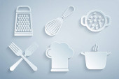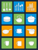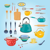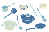 zbiór szkiców z naczynia kuchenne. biały dania na niebieskim tle
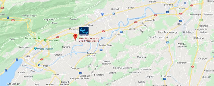 Direkt zu Vogt AG in Meinisberg, auf der Google-Map Webseite >hier < Zum Anfahrtsplan auf Google-Map >hier <
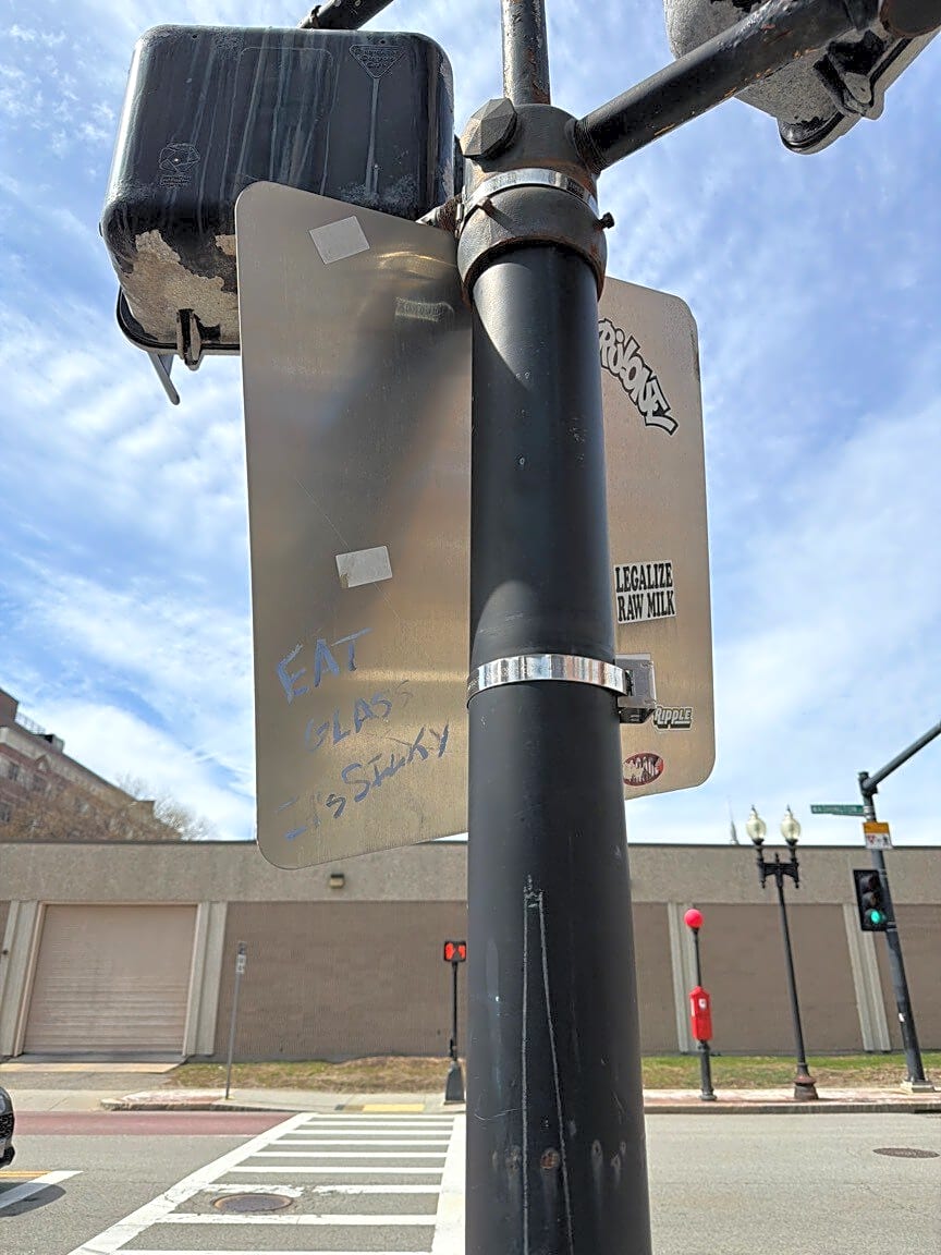 Intersection Of Traveler St And Washington St, Roxbury, MaDamaged and offensive sign please replace multiple requests for two years thank you. It suggest we should eat glass! And it’s barely hanging on.

• WHAT IS NEEDED:
The material above must be set down word for word, with no picture carried over.

• RESPONSE TO THIS TASK:
 zbiór szkiców z naczynia kuchenne. biały dania na niebieskim tle
 Direkt zu Vogt AG in Meinisberg, auf der Google-Map Webseite >hier < Zum Anfahrtsplan auf Google-Map >hier <
 Intersection Of Traveler St And Washington St, Roxbury, MaDamaged and offensive sign please replace multiple requests for two years thank you. It suggest we should eat glass! And it’s barely hanging on.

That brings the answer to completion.